Human bird flu cases have been reported in countries like China, India, the UK, and Vietnam, often resulting in full recovery.
Also read: UK Reports Its First Human Case Of Bird Flu
Globally, the spread of bird flu cases has been driven by migratory birds, with increasing outbreaks in poultry farms across Japan, India, South Korea, and the US, among others.
To date, most human cases have occurred in people handling infected poultry or animals.
Key Symptoms of bird flu in humans include:
Cough,
sore throat,
runny or stuffy nose,
difficulty breathing
High fever (often >38°C),
fatigue,
muscle/body aches
Conjunctivitis (red/irritated eyes),
nausea,
vomiting,
diarrhea.
In severe cases, pneumonia and Acute Respiratory Distress Syndrome (ARDS), have been reported.
Human infections remain rare, and the risk is also low, yet scientists say that the virus may someday evolve into a variant that can cause significant harm to humans. Recent infections in mammals (like cattle) increase concern.

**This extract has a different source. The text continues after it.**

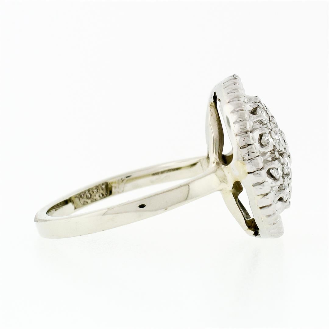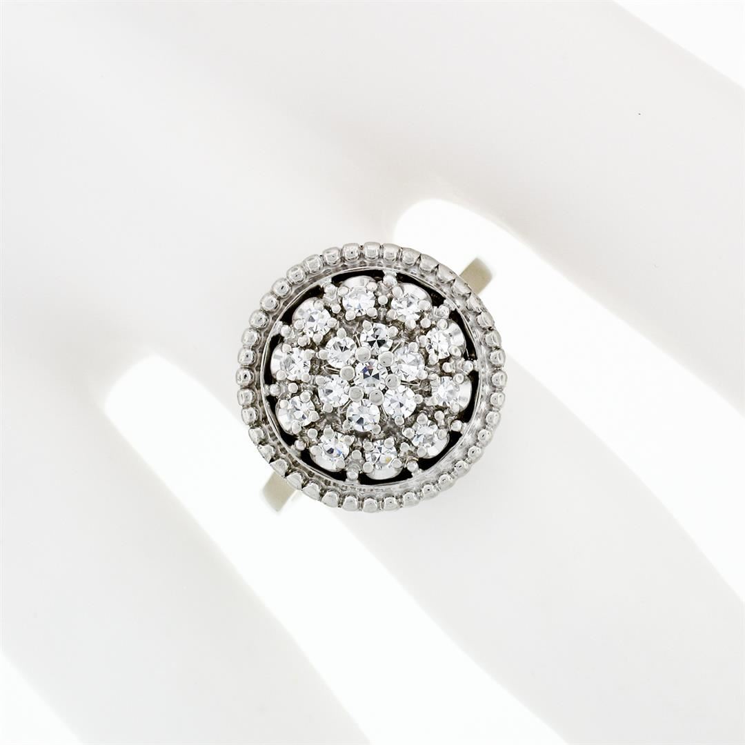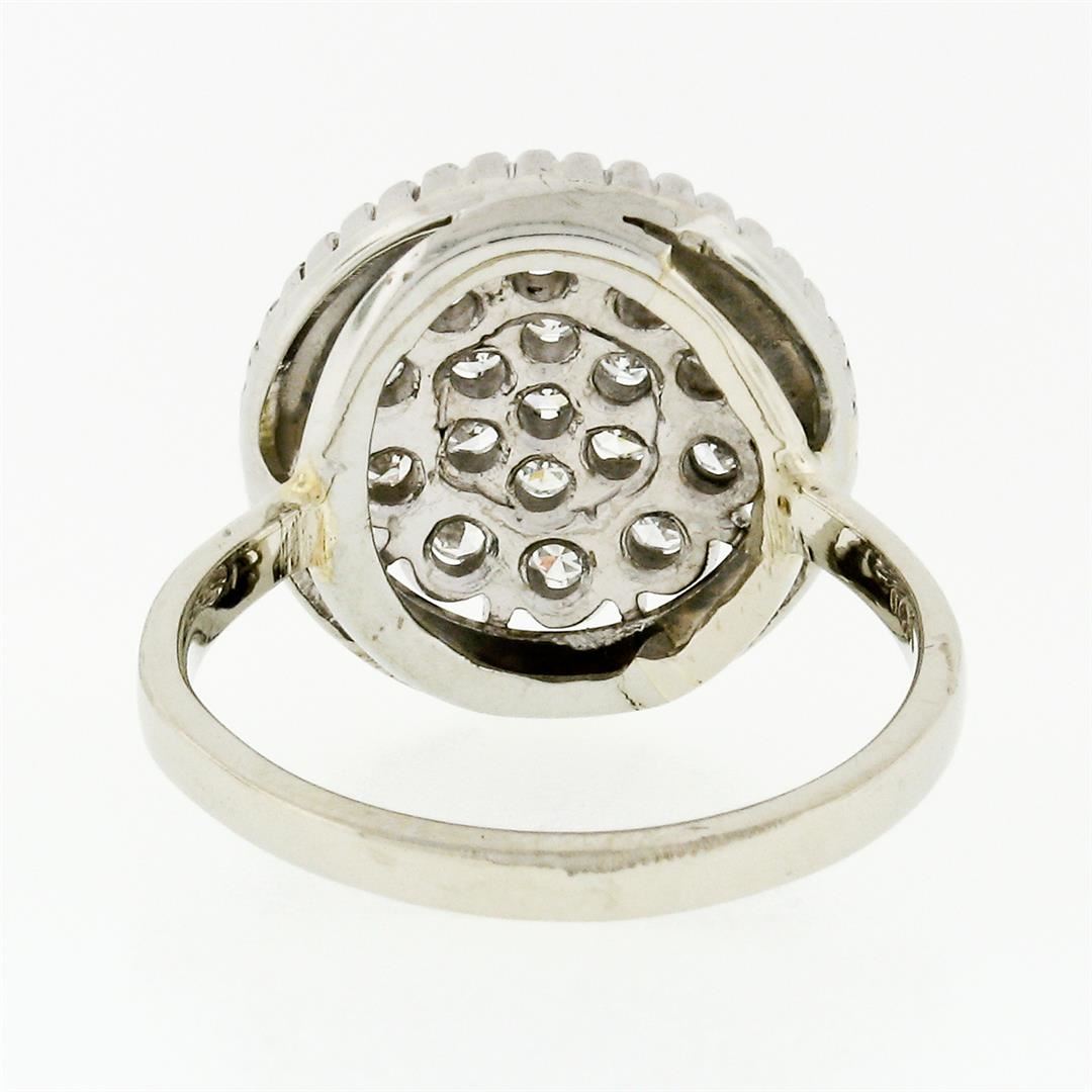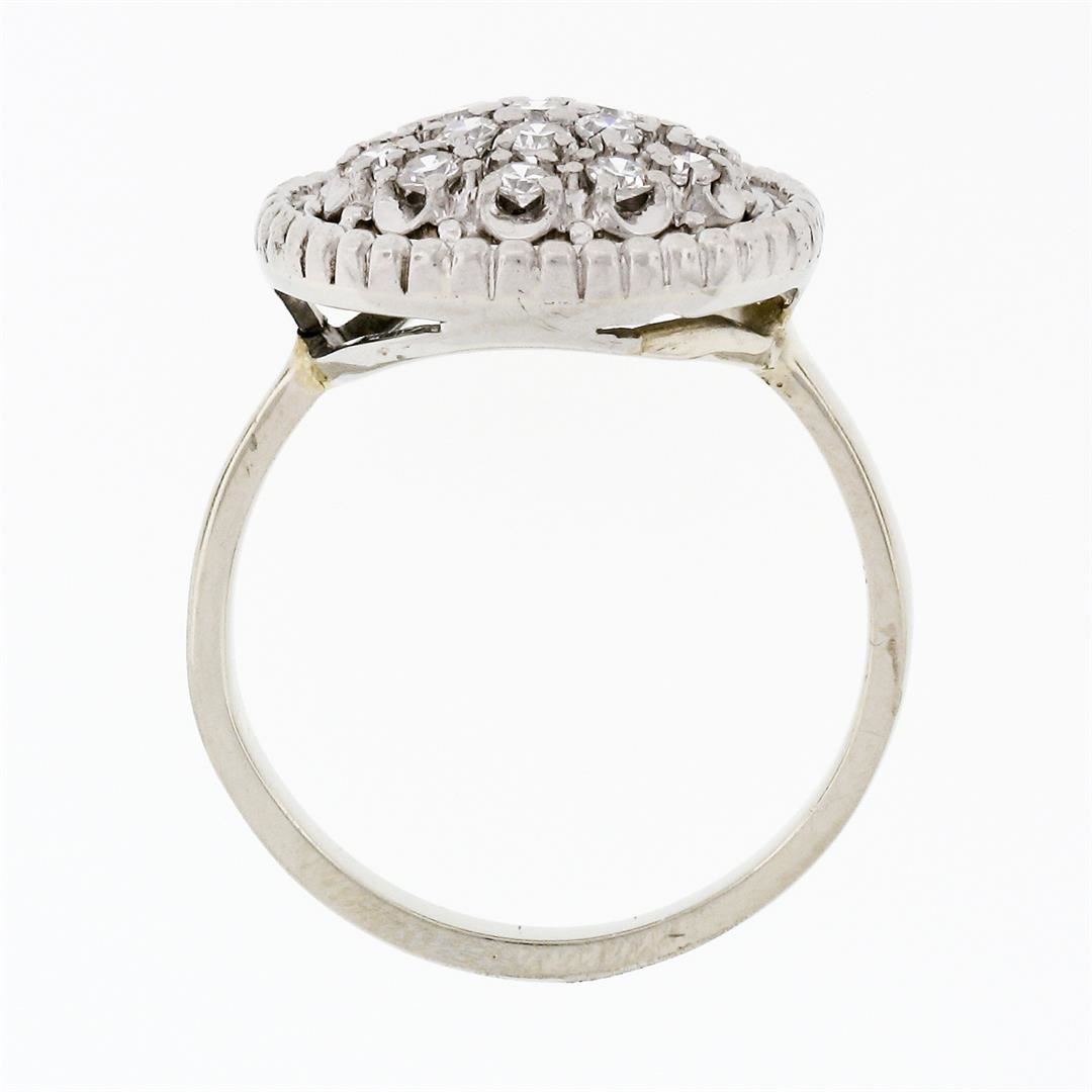 A vintage solid 14k white gold platter cocktail ring with a cluster of 17 natural diamonds (F/G - VVS2/VS1; 0.55ctw). The ring is size 6.5, weighs a total of 4.38 grams, and measures 15mm wide.

Bird flu (H5N1) was detected in the US milk supply, particularly in raw milk from infected dairy cows, with high levels found in milk and udder tissues.
“There is a consensus among those who study how infectious diseases originate and spread that the next pandemic in humans is most likely to originate in a bird flu. Of the different types of bird flu that are especially important, H5N1 avian influenza is considered the most likely candidate for a spillover event, with a high fatality rate,” Dr. Gautam Menon, Professor of Physics & Biology, Ashoka University, told HealthandMe.
“From the small number of infections in humans that have been diagnosed, we know that about 30-40 percent of such cases can be fatal. But we don’t know the possible background of infections in which these deaths or serious cases might occur. In particular, the possibility of asymptomatic infections is open,” he added.